Task requirements:
With pictures left out, return only the lines from the line containing "Bruins goalie Tim" through the end of the material below, both included.

Information supplied:
····················

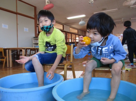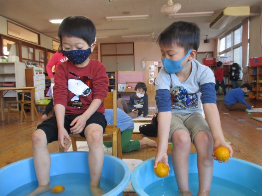 2021年12月27日 ゆったりした時間 5歳児 そら ゆずの足湯をしました。 「あったか~い」「いい匂い」とゆずの香りを楽しみながら、 ゆったり、のんびりした時間を楽しむことができました。 心も体も温まったね。 一覧へ戻る
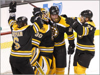 Bruins goalie Tim Thomas and his teammates get the celebration started. (Globe Staff Photo / Barry Chin)
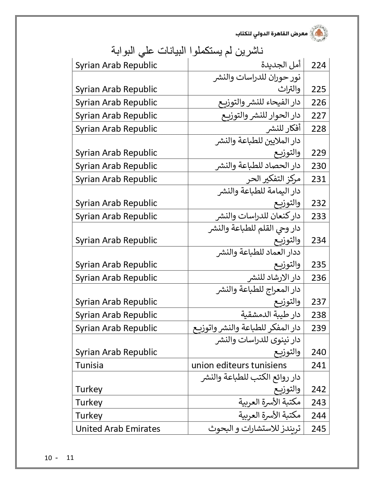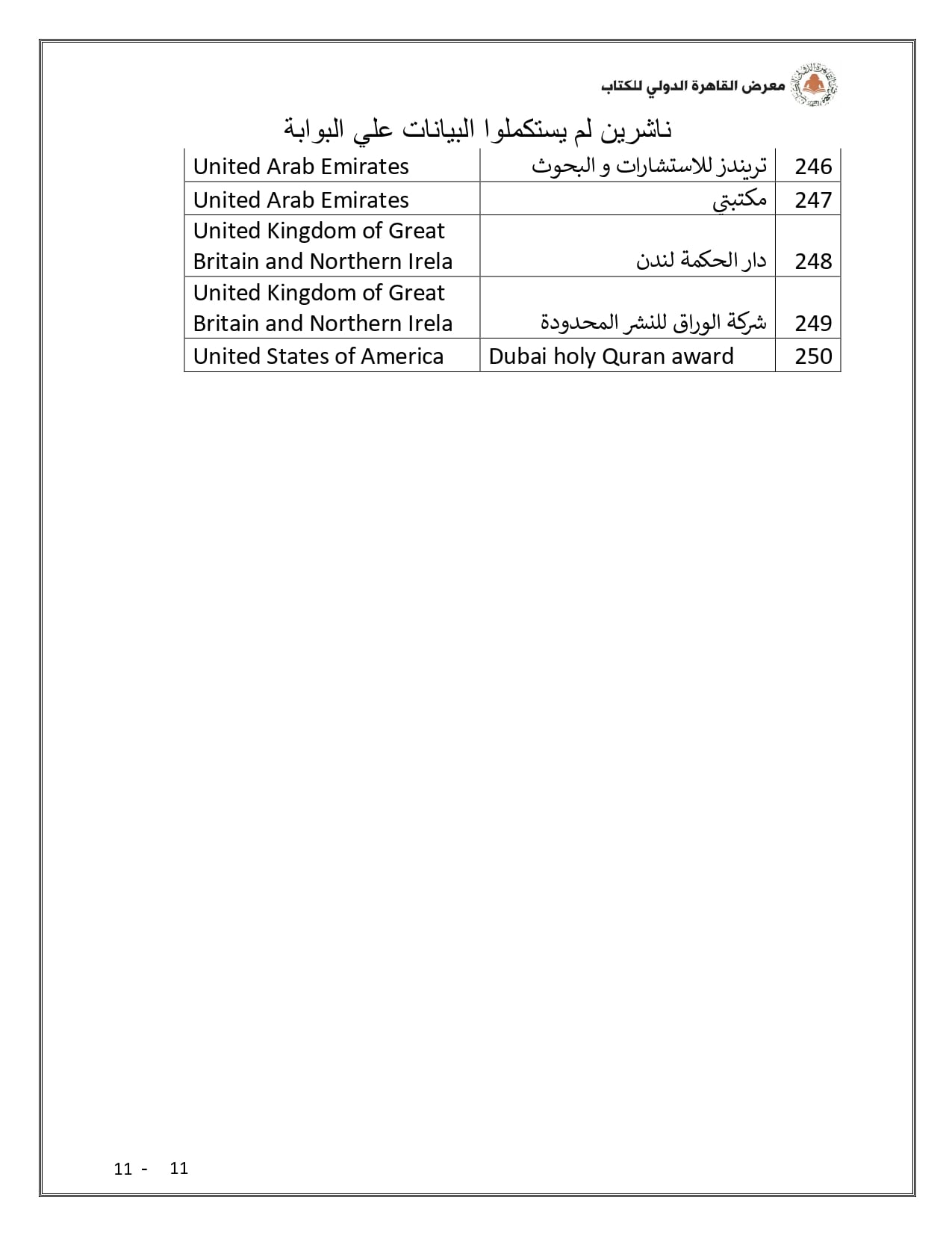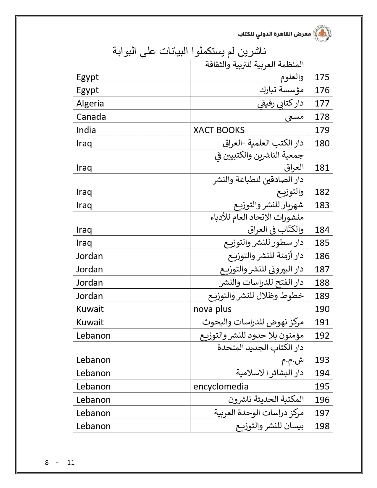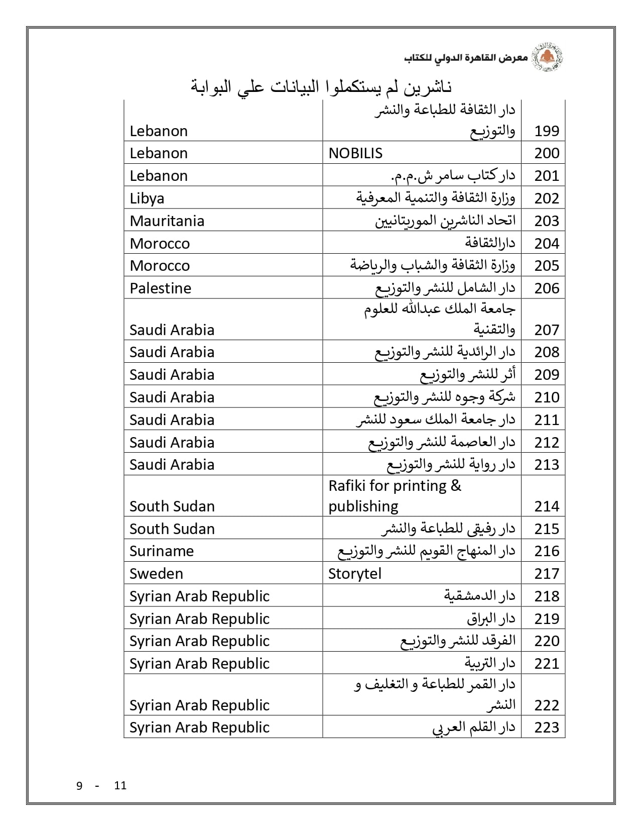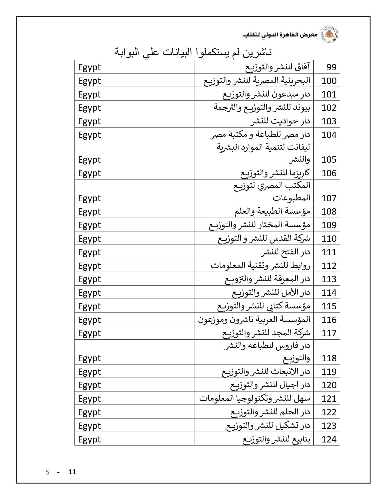 ونشر اتحاد الناشرين المصريين على صفحته الرسمية بموقع التواصل الاجتماعي "فيس بوك" كشوفًا بقائمتين الأولى تحتوي على الناشرين الذين قاموا بإنشاء حساب، ولكن لم يقوموا باستكمال بياناتهم بشكل صحيح، والقائمة الثانية تحتوي على الناشرين الذين قاموا بالانتهاء من الخطوة الثانية من تحميل المستندات وتسجيل البيانات، ولكن لم يبدؤوا في الخطوة الثالثة من تحميل إصداراتهم.

····················

Response to this task:
 Bruins goalie Tim Thomas and his teammates get the celebration started. (Globe Staff Photo / Barry Chin)
 ونشر اتحاد الناشرين المصريين على صفحته الرسمية بموقع التواصل الاجتماعي "فيس بوك" كشوفًا بقائمتين الأولى تحتوي على الناشرين الذين قاموا بإنشاء حساب، ولكن لم يقوموا باستكمال بياناتهم بشكل صحيح، والقائمة الثانية تحتوي على الناشرين الذين قاموا بالانتهاء من الخطوة الثانية من تحميل المستندات وتسجيل البيانات، ولكن لم يبدؤوا في الخطوة الثالثة من تحميل إصداراتهم.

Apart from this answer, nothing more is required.